February 23, 2012

Merkel's Candle Lit Apology


Chancellor Angela Merkel has apologized publicly to the relatives of 10 people, mostly immigrants, suspected of being killed by a neo-Nazi group whose actions German authorities failed to detect for more than a decade.


Mavi Boncuk | 


The group is suspected of killing eight people of Turkish origin and a Greek man between 2000 and 2006. Those killings went unsolved for years. The group is also believed to have killed a policewoman in 2007.


Merkel told a memorial today the killings were “a disgrace for our country.” She says some victims’ relatives were unjustly suspected in the murders, telling them: “I ask for forgiveness.” The neo-Nazi activities came to light in November when two suspected founders were found dead and a third suspected member turned herself in.


"Reports about unscrupulous far-right perpetrators sometimes shake us, and they dominate the headlines for a few days," Merkel said. "But often enough we perceive such incidents as a side issue _ we forget quickly, much too quickly."


Thursday's event, which was followed by a minute of silence across Germany, was initiated by former President Christian Wulff.

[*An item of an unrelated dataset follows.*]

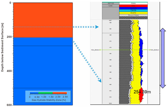 Gas hydrate stability zone (GHSZ) simulation results compared with petrophysical interpretation results in the W17 well.

Merkel stepped in after he resigned last week in a corruption scandal.


Semiya Simsek _ the daughter of the first victim, florist Enver Simsek, who was shot in Nuremberg in 2000 _ sharply criticized how authorities initially handled the killings, and said her mother had been suspected at one point.


"For 11 years, we couldn't even be victims with a clean conscience," she said.


"There was always this load on our lives that perhaps someone from our family could be responsible for the death of my father," she added. "And there was the other suspicion too: my father a criminal, a drug dealer?"